ENNI: What I would love to hear a little bit about, is that with Meg, you are establishing and maintaining this relationship sort of at a distance. And with Jay, he’s kind of your neighbor. He’s in the same town.
ENNI: What’s that been like?
KAUFMAN: So, we’d met. [Meg and I] actually started out in the same place at the beginning. We were all flat mates at the time. She came out for a year, after college, to live with my husband and I. And so, we started out with bits of THESE BROKEN STARS all over the living room, and then she went home. Whereas, yeah, you’re right. Jay lives forty-five minutes away from my house. And every time we need to brainstorm, we just catch up. I think in part, Meg and I, we’re incredibly close. We talk every day, and we text every day, and we take great care to make sure that we communicate about stuff that’s not the story.
KAUFMAN: We want to make sure that we don’t accidently one day realize the friendship atrophied, because we only ever talked about plot and publishing. We make sure we talk about what we did that day, or who we saw, or you know? “My dogs going to the vet today.” Just all that sort of little minutia of your daily life. I think we’re actually very conscious about it. We think about how to cultivate that communication because we both know that, when we’re working really hard, it could just vanish if we weren’t careful. Whereas with Jay, it’s very easy to see him, so obviously, we catch up. And we tend to plot ILLUMINAE about a hundred pages at a time. Any more than that, and we come up with twists along the way, and we’ve wasted our time. So, we just go into the city and find a pub, and sit around, and eventually get down to work and talk.
ENNI: That sounds so fun!
KAUFMAN: I mean, writing is the best job in the world, but I think I have the best version of it. I really do. Because I get to hang out with my friends, and do my job. It’s incredible.
ENNI: I’d love to hear from the context of, there is an amazing YA community of writers in Australia, but it’s not that you’re geographically that close.
KAUFMAN: Yeah, so Australia has, I believe, about the same land mass as the United States, but there’s 24 million of us in the same place that America has what, 300 million? So, we’re pretty spread out. And the Australian publishing community is very tight-knit. It’s not huge, and it’s very supportive, and very positive. But there aren’t many of us who are also dealing with the American publishing scene as well. A lot of Australian YA is published locally. We have a huge move, at the moment, to try and support more of that.
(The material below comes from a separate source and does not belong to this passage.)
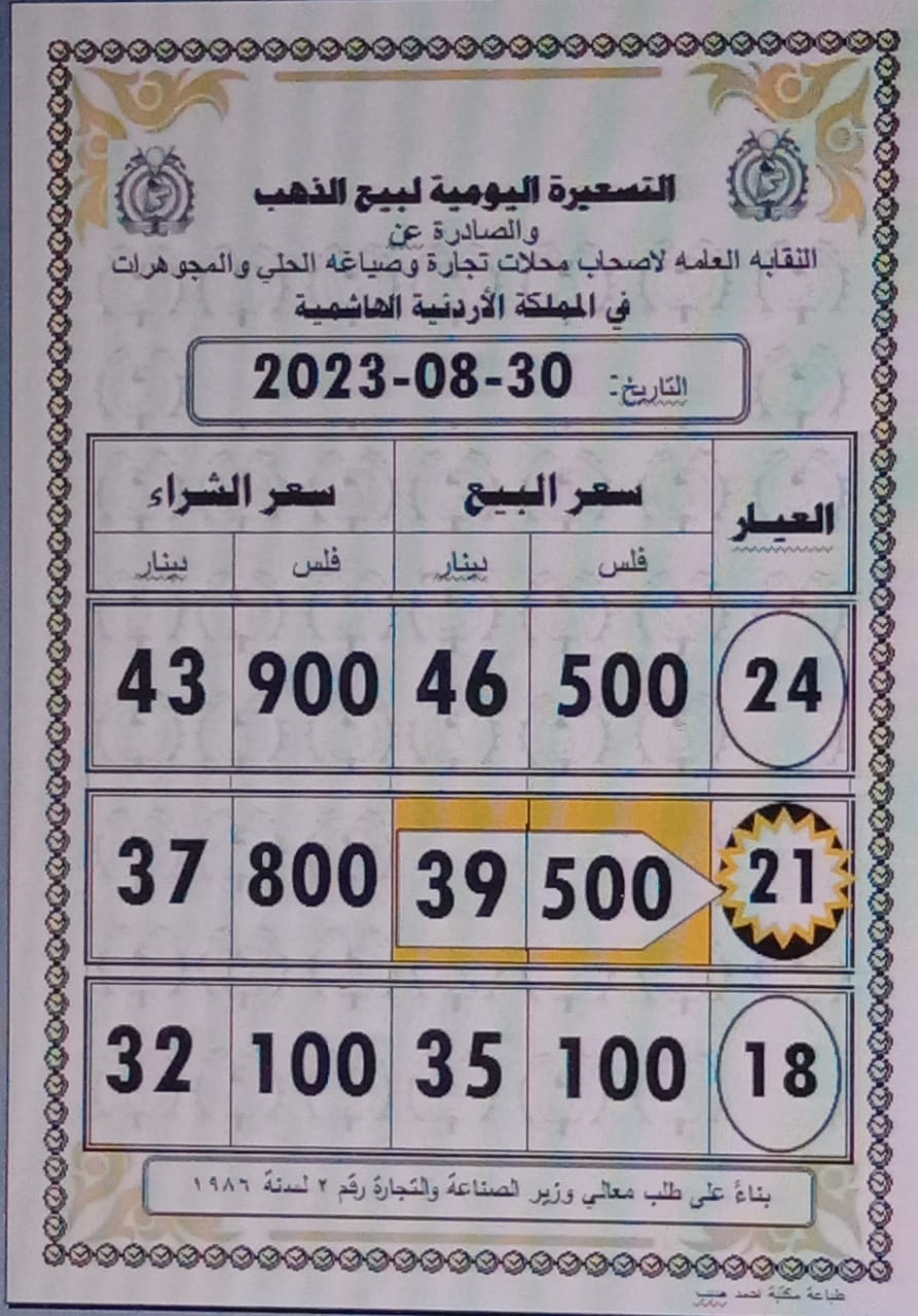 وبلغ سعر جرام الذهب من عيار 21 الأكثر طلبا لدى الأردنيين، 39.50 دينارا لجهة الشراء من المحال، فيما بلغ 37.80 دينارا لجهة البيع.

The hashtag, if anyone wants to search, is #LOVEOZYA. It’s a hashtag full of Australian YA, and recommendations, and all this cool stuff.
ENNI: Is that love OZ or AUS?
KAUFMAN: OZ… well we say, “O-Zed.” One of the reasons that Jay and I became close, is that we were the only one that the other one knew, who was debuting into America. We would just catch up for brunch once a month, and swap stories and tips, and try and understand what was happening. And I think in America, when you get a book deal, you join a community very quickly that people often wonder, “How do you all know each other?” But the answer is that you’re adopted incredibly quickly, and warmly and welcomingly, because it’s a beautiful community to be a part of. And in Australia, they just don’t have that many of us [laughing].
ENNI: Right and it’s sort of inherently limited because of numbers.
KAUFMAN: Yes, absolutely. And, the thing is, I actually don’t mind that, to be honest. I think we get a little bit closer to that old-fashioned idea of, the writer who writes the manuscript and sends it in, than other people do. A lot of people I know, talk about wishing that they could go back to those times.
ENNI: I think it’s interesting, the distinction between, say, thinking about writing all the time, versus thinking about publishing all the time.
KAUFMAN: It is a very important distinction. And thinking about writing all the time is A) not a problem, but B) impossible to avoid anyway. If I get any time off at all [pause], I’ll just start daydreaming on a new story, because that’s the way my brain is wired. But thinking about publishing all the time is – it’s about worrying about things you don’t control all the time.
ENNI: Yeah, not a good brain space to be.
KAUFMAN: Not a great brain space to be in, no.
ENNI: You were writing with Meg, and you had that sort of established situation. What made you want to expand and start a new series with Jay?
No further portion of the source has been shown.